Task details. I need the lines below from the one with "Herzlich willkommen in" down to the one with "抵达高岭乡文化广场后,队员们" reproduced exactly, both ends included, and nothing else.

---- Information

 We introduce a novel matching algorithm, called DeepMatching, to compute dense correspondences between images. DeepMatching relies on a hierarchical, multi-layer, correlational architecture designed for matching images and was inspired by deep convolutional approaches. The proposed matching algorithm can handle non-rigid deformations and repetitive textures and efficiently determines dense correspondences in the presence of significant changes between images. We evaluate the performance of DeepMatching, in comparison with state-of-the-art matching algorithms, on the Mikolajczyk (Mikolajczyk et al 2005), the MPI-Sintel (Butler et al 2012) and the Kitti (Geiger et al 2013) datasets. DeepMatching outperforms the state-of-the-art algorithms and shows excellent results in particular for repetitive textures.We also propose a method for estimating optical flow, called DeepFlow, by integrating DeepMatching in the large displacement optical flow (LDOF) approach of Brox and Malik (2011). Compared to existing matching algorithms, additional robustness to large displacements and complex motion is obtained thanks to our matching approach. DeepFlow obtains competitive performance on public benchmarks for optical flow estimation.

--------
---- Information

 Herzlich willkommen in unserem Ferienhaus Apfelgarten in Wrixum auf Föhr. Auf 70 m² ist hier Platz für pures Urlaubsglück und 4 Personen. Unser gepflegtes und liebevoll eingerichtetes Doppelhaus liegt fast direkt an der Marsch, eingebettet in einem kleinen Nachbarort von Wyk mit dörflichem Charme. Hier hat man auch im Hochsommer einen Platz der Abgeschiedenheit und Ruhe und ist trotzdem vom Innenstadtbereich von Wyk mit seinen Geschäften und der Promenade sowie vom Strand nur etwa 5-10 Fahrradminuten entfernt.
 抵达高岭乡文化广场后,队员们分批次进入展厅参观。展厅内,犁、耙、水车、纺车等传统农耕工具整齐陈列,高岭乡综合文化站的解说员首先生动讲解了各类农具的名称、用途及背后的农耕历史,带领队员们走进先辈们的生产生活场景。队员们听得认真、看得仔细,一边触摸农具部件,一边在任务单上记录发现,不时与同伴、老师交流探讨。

--------
---- Information

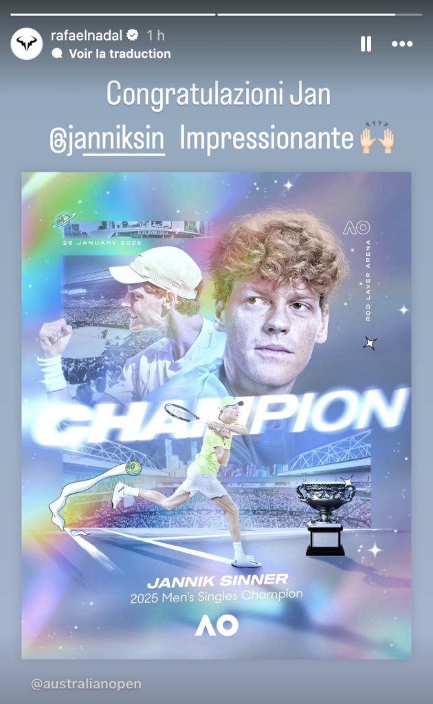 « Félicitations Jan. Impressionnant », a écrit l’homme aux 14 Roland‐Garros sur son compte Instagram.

--------

Your solution.
 Herzlich willkommen in unserem Ferienhaus Apfelgarten in Wrixum auf Föhr. Auf 70 m² ist hier Platz für pures Urlaubsglück und 4 Personen. Unser gepflegtes und liebevoll eingerichtetes Doppelhaus liegt fast direkt an der Marsch, eingebettet in einem kleinen Nachbarort von Wyk mit dörflichem Charme. Hier hat man auch im Hochsommer einen Platz der Abgeschiedenheit und Ruhe und ist trotzdem vom Innenstadtbereich von Wyk mit seinen Geschäften und der Promenade sowie vom Strand nur etwa 5-10 Fahrradminuten entfernt.
 抵达高岭乡文化广场后,队员们分批次进入展厅参观。展厅内,犁、耙、水车、纺车等传统农耕工具整齐陈列,高岭乡综合文化站的解说员首先生动讲解了各类农具的名称、用途及背后的农耕历史,带领队员们走进先辈们的生产生活场景。队员们听得认真、看得仔细,一边触摸农具部件,一边在任务单上记录发现,不时与同伴、老师交流探讨。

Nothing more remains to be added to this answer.